Fluorocarbon Vorfach binden

Wer Rapfen oder Barsche fangen will, kommt an einem Fluorocarbon-Vorfach nicht vorbei. Ganz wichtig ist dabei, für dessen richtige Anbindung an die Hauptschnur zu sorgen.

Bester Knoten fürs Vorfach

Als Raubfischangler braucht man vor allem fürs Angeln auf Rapfen und Barsche ein durchsichtiges Vorfach, das optimalerweise aus Fluorocarbon besteht. Wer allerdings das Fluorocarbon-Vorfach direkt an die Hauptschnur binden möchte, kommt an einem speziellen Knoten, der zwei Schnüre unterschiedlicher Durchmesser fest zusammen halten muss, nicht vorbei.

Der berste Knoten, der zwei unterschiedlich dicke Schnüre fest und bündig miteinander verbindet, ist der sogenannte Albright-Knoten. Dieser Knoten ist nicht nur relativ einfach zu binden sondern weist auch noch 90% Schnurfestigkeit auf, was verglichen mit anderen Angelknoten ein sehr guter Wert ist. Darüber hinaus hat Albright-Knoten eine flache Form, sodass er auch mal durch die Rutenringe hindurchrutschen kann.
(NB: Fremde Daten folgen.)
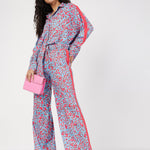 Blue Abstract Print Oversize Shirt With Pants, in Rayon Twill fabric, Unlined, Regular Length, Comfort Fit, Button Closure, Straight Hemline and features Tassel Detail At Side
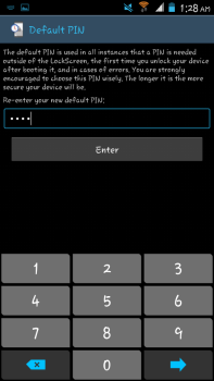 - Once you are done with the above, the application will ask you for a Default PIN. This will be used outside the lockscreen, or in case of errors. Enter and re-enter the PIN; the longer the better.
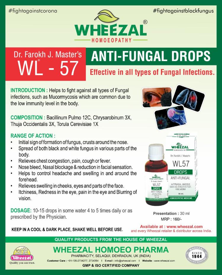 Wheezal WL57 অ্যান্টি ফাঙ্গাল ড্রপস অ্যাথলিটস ফুট, দাদ এবং মিউকোরমাইকোসিসের মতো ছত্রাকের সংক্রমণের চিকিৎসার জন্য একটি হোমিওপ্যাথিক এবং প্রাকৃতিক অ্যান্টিফাঙ্গাল ওষুধ মৌখিক প্রতিকার প্রদান করে, যা দুর্বল রোগ প্রতিরোধ ক্ষমতার কারণে সাধারণ। ৩৪ বছরেরও বেশি অভিজ্ঞতার অধিকারী একজন নেতৃস্থানীয় অনুশীলনকারী ডাঃ ফারুক জে. মাস্টার দ্বারা তৈরি এই ফর্মুলেশনটি লালভাব, জ্বালা এবং ফোলাভাব থেকে মুক্তি দেওয়ার জন্য ডিজাইন করা হয়েছে, একই সাথে ত্বকের কালো ভাব এবং সংক্রমণের বিস্তার রোধ করে।
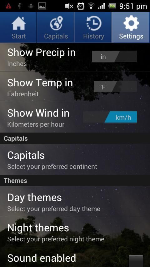 - التبديل بين وحدات درجة الحرارة والأمطار والرياح المختلفة
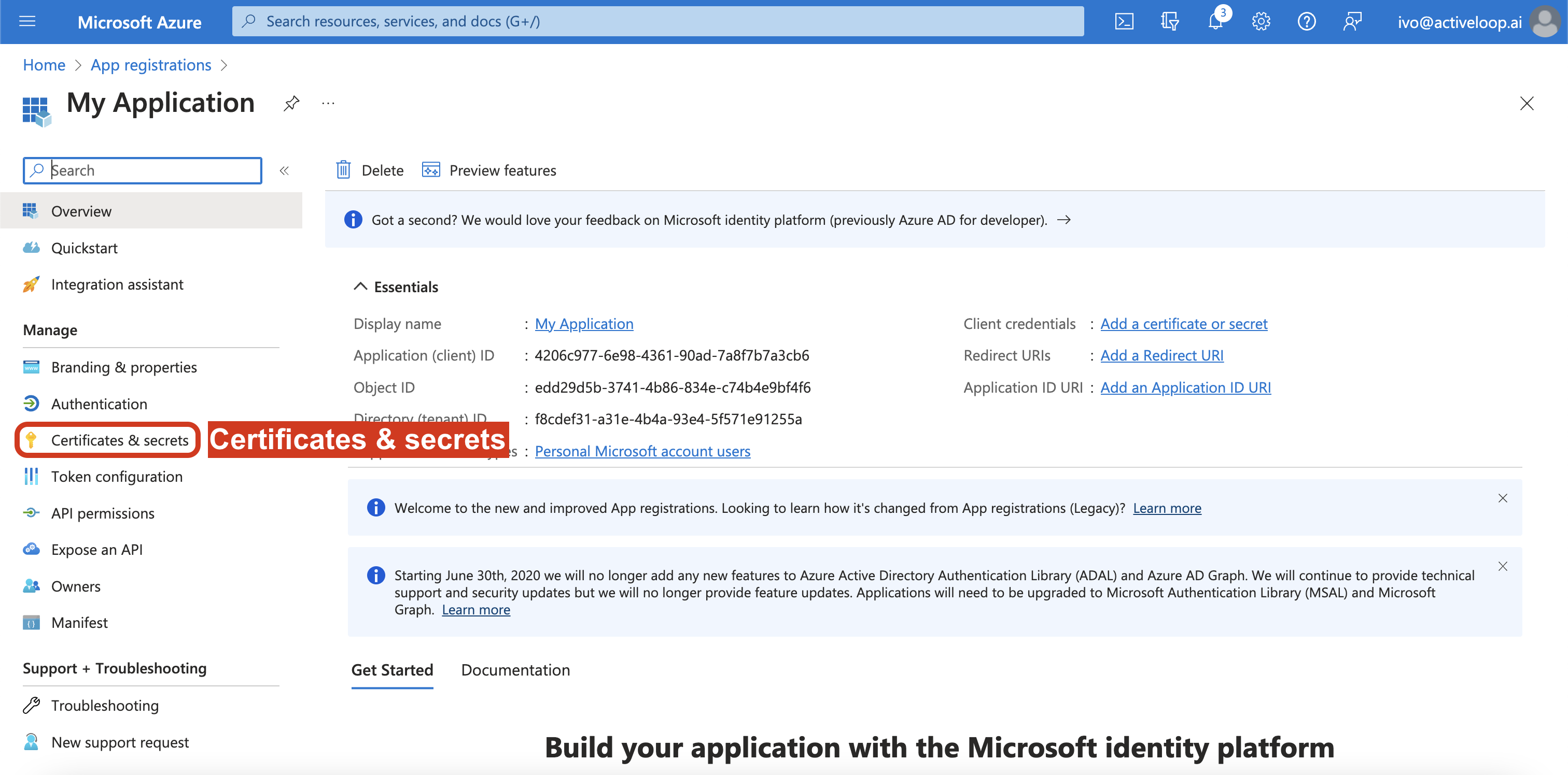 5. In the application console, click Certificates & secrets.

Alternativ mit No-Knot verbinden

Auch wenn Allbright-Knoten eine relativ hohe Festigkeit besitzt, bleibt immer noch das Restrisiko, dass das Fluorocarbon durchrutscht oder die Hauptschnur an dem Knoten reißt. Außerdem ist es manchmal eine ziemliche Frickelarbeit, die beiden Schnüre am Wasser zusammen zu binden, wenn dafür weder die Geduld noch die richtige Kondition vorhanden sind.

Fluorocarbon mit Palomar-Knoten

Fluorocarbon mit Palomar-Knoten

Deshalb kann man beim Anbinden vom Fluorocarbon alternativ einen No Knot Verbinder benutzen, an den das Vorfach mithilfe Palomar-Knoten gebunden wird. Zum Einen ist Palomar-Knoten sehr einfach zu binden und zum Anderen hält er mit seinen 98 % Schnurfestigkeit noch mehr aus als Albright-Knoten (90%). Wenn man allerdings sehr feine Schnur und sehr leichte Köder beim Angeln benutzt, würde sich No-Knot Anbindung nicht empfehlen, weil jeder No-Knot ein Zusatzgewicht bedeutet, wodurch das Spiel des Köders negativ beeinflusst werden kann.